Greece is dominating the headlines again today with fresh announcements from the Greek government adding to “Grexit” risks. This shouldn’t be a problem in the long run for anyone but the Greeks, but the uncertainty is nevertheless a headwind for the already weak Euro-Zone economy.

The new Greek government wants to renegotiate the terms of its bailout, with the resulting uncertainty adding to market turmoil both in Europe as well as worldwide. The latest on that front is the government’s announcement on Sunday to chip away at the austerity measures agreed to by its predecessor and seek out a bridge loan through June instead of an extension to the existing arrangement as preferred by its creditors.

This announcement follows last week’s ECB decision to stop accepting the Greek government’s junk-status bonds as collateral has put a big question mark over the long-term viability of the country’s banking system. While it’s still possible that a comprehensive deal could be reached with the creditors, today’s announcements have increased the odds of Grexit to a great extent. The decision today by Standard & Poor’s, the bond rating agency, to push the country’s sovereign rating further into junk territory is a reflection of this risk.

On the earnings front, including this morning’s reports from Diamond Offshore (DO), Hasbro (HAS) and others, we now have Q4 results from two-thirds of the S&P 500 members and three-fourths of its total market capitalization. Total earnings for these companies are up +7% from the same period last year on +1.3% higher revenues, with 71.4% beating earnings estimates and 56.5% beating top-line estimates.
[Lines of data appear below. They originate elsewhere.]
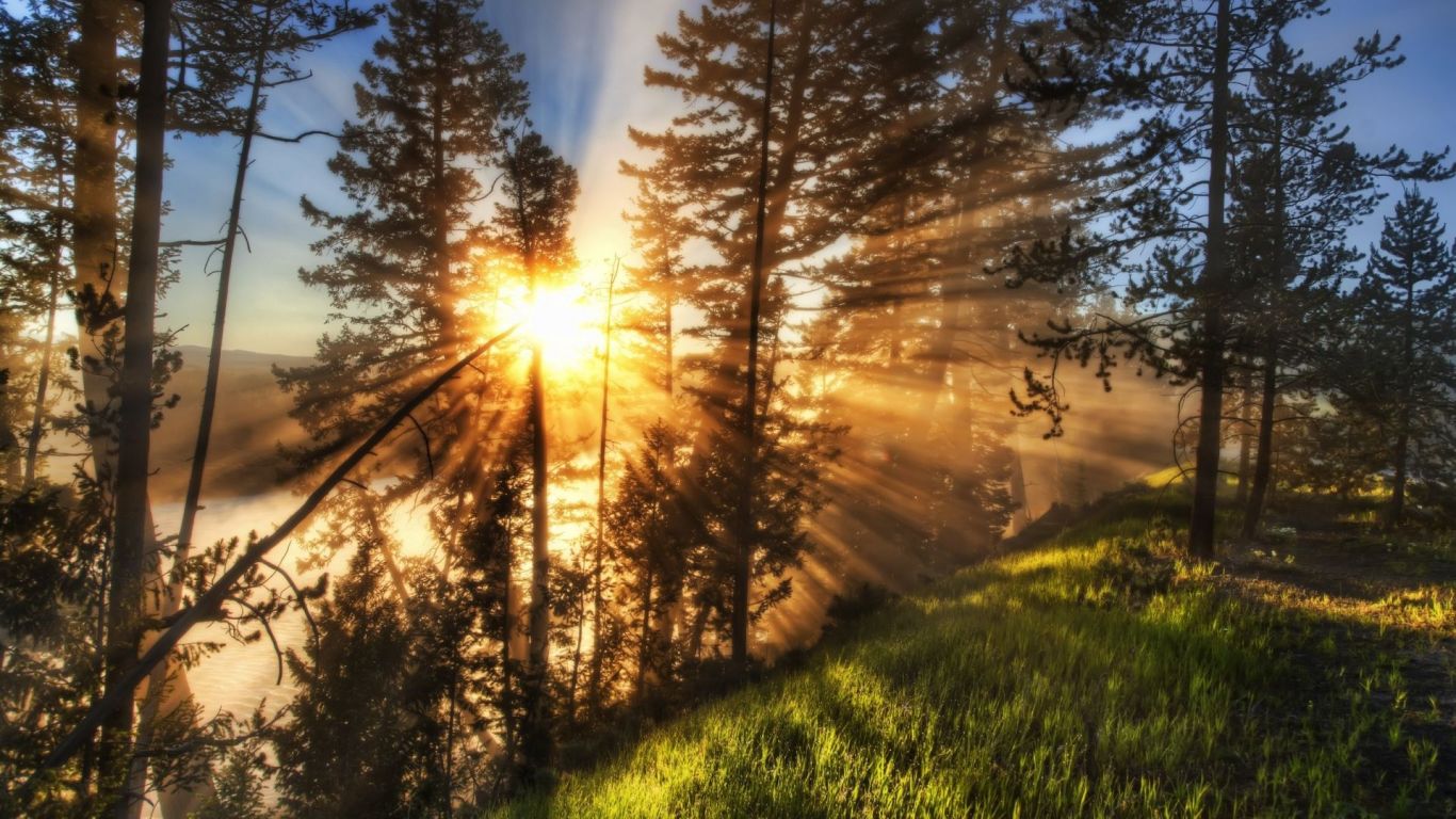 Description: A sunbeam in the middle of a forest with trees and grass on the ground and fog in the air.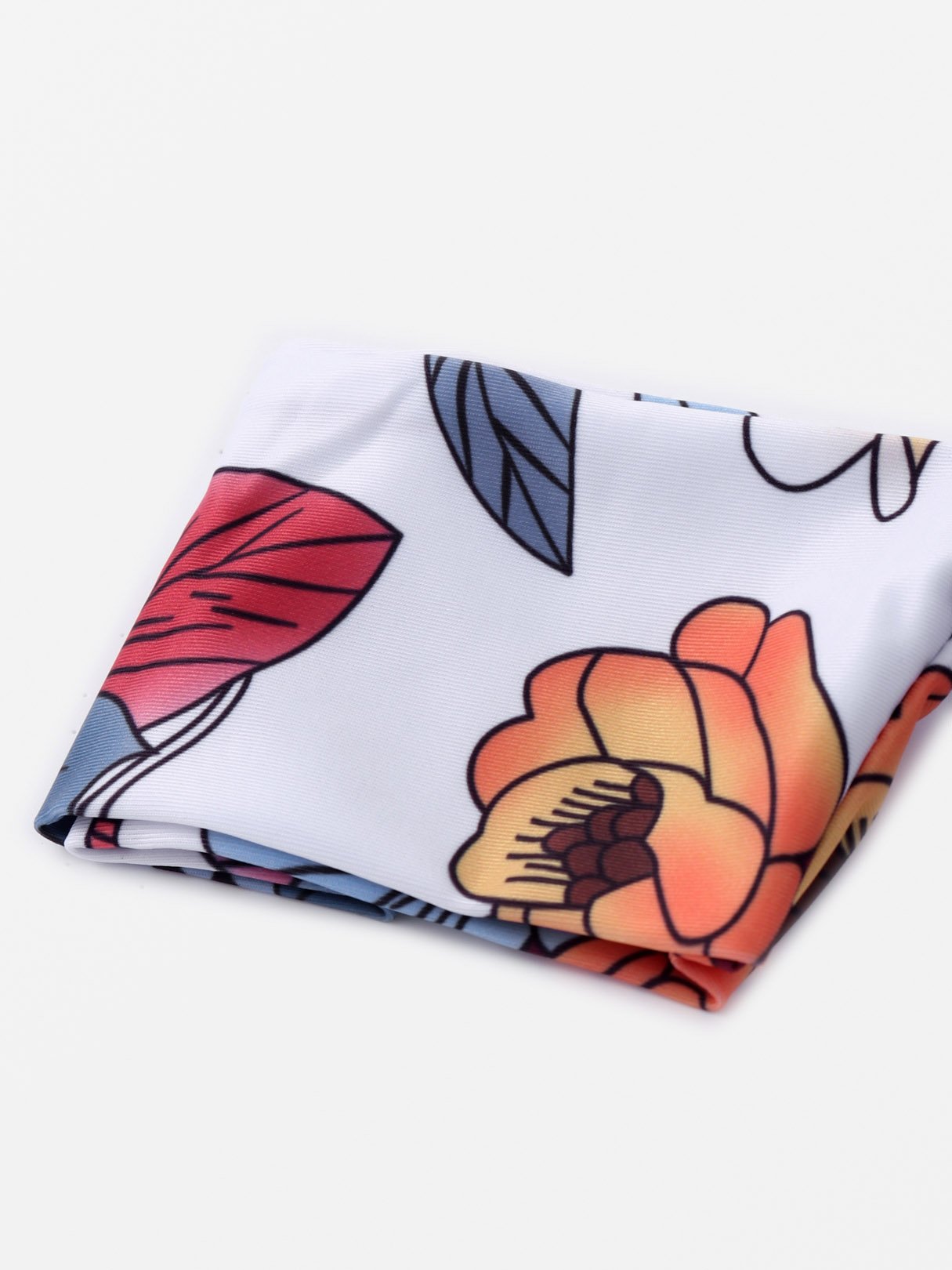 Strapless Short Sleeve Floral Print Bodycon Bikini Suits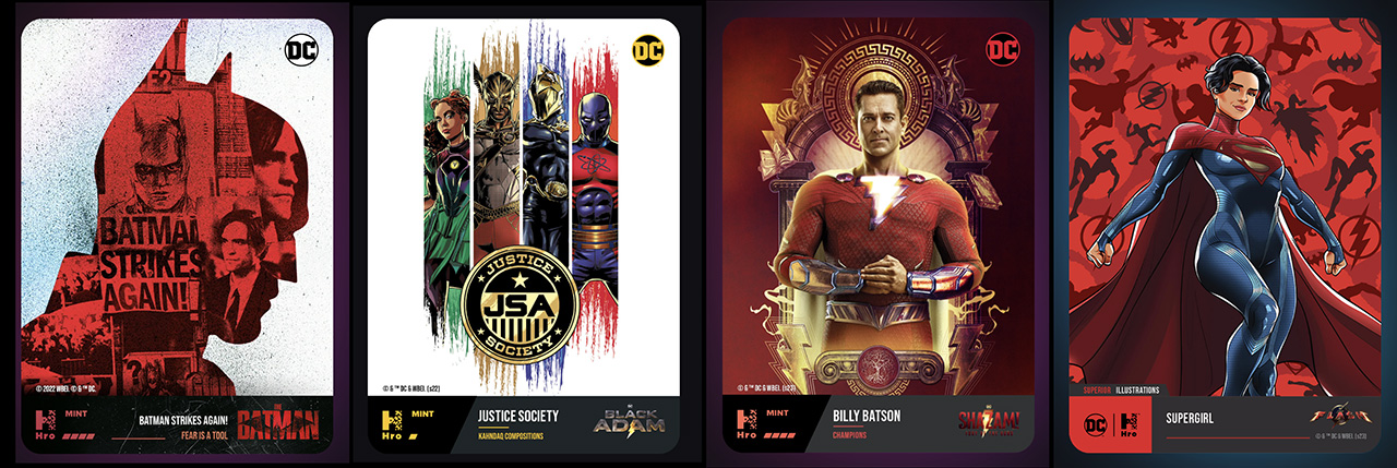 Most of the art was repurposed from existing DC comics but Hro created many special graphical compositions too, especially for the film subsets and some digital exclusive cards.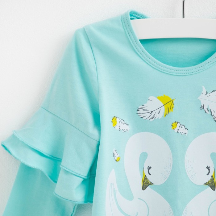 Футболка с дл. рукавом, "Лебеди", бирюзовая, р-р 32 (110-116см) 5-6л., 100% хлопок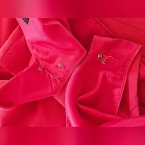 this is a very simple & classy dress. The fabric is high quality, a slight stretch and is fully lined. Nice slit detail on the rear bottom hem and a rear hidden zipper enclosure. Dress is in good used condition, the stitch at the very bottom of the zipper is loose so it would just need a quick tighten with needle and small piece of thread.

The Energy drag as a result of weak oil prices notwithstanding, the beat ratios and earnings growth rate in Q4 thus far is roughly in-line with what we have been seeing from the same group of companies in other recent quarters, but revenues are on the weak side. Importantly, estimates for the current and following quarters have been coming down sharply, with the Energy sector again playing a leading role. As mentioned before in this space, the entire expected growth rate for the first half of the year has effectively disappeared in recent days.